There was a well organised process to provide faster service for passengers and freight.

Peter

M636C,

Thank you for such great historical information! Just as a follow up to that I linked to a couple of photos of 3751-class locomotives for comparison.

Here is a builder’s photo of ATSF 3764 as built in 1927:

https://www.railpictures.net/photo/628000/

Here is ATSF 3761 as rebuilt in 1946:

https://www.kshs.org/km/items/view/61553

This shows how extensive the rebuilding of the 3751 class was - my goodness, they almost don’t look like the same class of locomotive!

Amazing. In a way, it reminds me of the change of appearance of the battleships salvaged from Pearl Harbor and repaired and refitted.

They called them “The Pearl Harbor Ghosts.” They got their revenge at Suragao Strait in 1944, but that’s another story.

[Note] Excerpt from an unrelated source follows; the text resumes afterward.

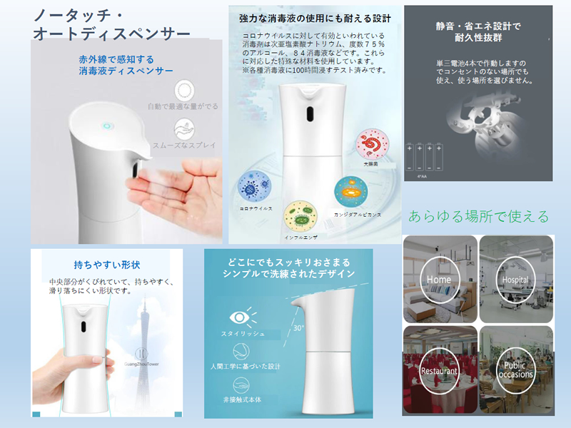 トイレなどに従来あったものは、ソープや消毒液を出すのにいちいちブッシュしないといけないタイプですね。しかし、多くの人が同じ個所を素手でプッシュする(触れる)のは、やはり安全とはいえません。そこで、手(指)をかざすだけでソープが出るこのディスペンサーがお勧めです。こういったオートディスペンサーは、通常高価な商品となりますが、本製品は、非常に廉価でかつ(手をかざすと感知する)センサーの反応も優れています。

Roger that, '76! Crossing the “T”!

It wasn’t quite that much revenge after the PT-boats, destroyers and some cruisers pounded the Japanese force pretty severely before it got within range of the battle line.

We will take the “W”!

Meanwhile, a question popped in to my head regarding the rebuilding of the 73-inch-drivered 3751 class in to 80-inch drivered locomotives.

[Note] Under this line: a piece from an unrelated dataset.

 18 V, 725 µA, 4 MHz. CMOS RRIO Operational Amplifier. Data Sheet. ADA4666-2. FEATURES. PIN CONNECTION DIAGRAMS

Might they have needed a small insert to the boiler and perhaps a new frame or extended frame to fit four 80-inch drivers where 73-inch drivers used to be?

I know the Missouri Pacific needed to do an insert when they converted their 63-inch-drivered Berkshires to 75-inch-delivered Northerns.

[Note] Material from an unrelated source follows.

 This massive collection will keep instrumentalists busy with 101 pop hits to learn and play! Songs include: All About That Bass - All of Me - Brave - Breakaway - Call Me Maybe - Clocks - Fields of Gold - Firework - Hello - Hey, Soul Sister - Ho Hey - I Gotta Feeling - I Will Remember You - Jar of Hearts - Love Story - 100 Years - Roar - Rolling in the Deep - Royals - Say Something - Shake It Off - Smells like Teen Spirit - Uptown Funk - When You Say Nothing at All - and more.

The rebuild in '41 involved a new cast engine bed with roller bearings. To my knowledge the boiler was not enlarged.

3751 was the last to be rebuilt for an interesting reason. She was modified with a Batz high-speed lead truck (with larger wheels), improvements to valve motion, etc. as protect power for the Super Chief in 1936. Consequently by the time of the ‘second’ rebuild she got the benefit of all the revealed wisdom from both the first and second ‘batches’.

I believe there are contemporary accounts of the detail rebuilding in the trade press, as there is for the late-Forties second rebuilding of the awesome C&NW H locomotives, but I cannot find it on a phone. Here is a modeler’s reference which pointedly says nothing about boiler mods:

http://sfrhms.org/files/ThompsonJohn/4-8-4%20Clinic/4-8-4%20Clinic.pdf

That Thompson paper is a good resource for individual 3751 class locomotives.

While the boiler wasn’t lengthened, the smokbox was lengthened. Sadly I can’t quote a number of inches, because while the rebuilt locomotive drawing shows a distance from the tubeplate to the centre of the blastpipe, the original locomotive does not quote that figure.

However, on the original locomotive, the access hatch for the superheater header takes up most of the space between the stack and the tubeplate, while on the rebuild, it occupies only about

The rebuilding of the battleships from Pearl Harbor is an interesting comparison, having occurred only a short time after the rebuilding of the second batch of 3751 class.

A good reference to these is Battlships and Battlecruisers 1905-1970 by Siegfried Breyer. This is illustrated by line drawings to a constant scale and illustrates ships at various stages of their lives, in both side elevation and in plan view. One of the best examples was California, which looked like a WWI battlship before Pearl Harbor but looked more like a contempoary South Dakota class after rebuilding. The replacement of the secondary armament with twin 5"/38 turrets provided a useful anti-aircraft capability on many of the rebuilds, including California.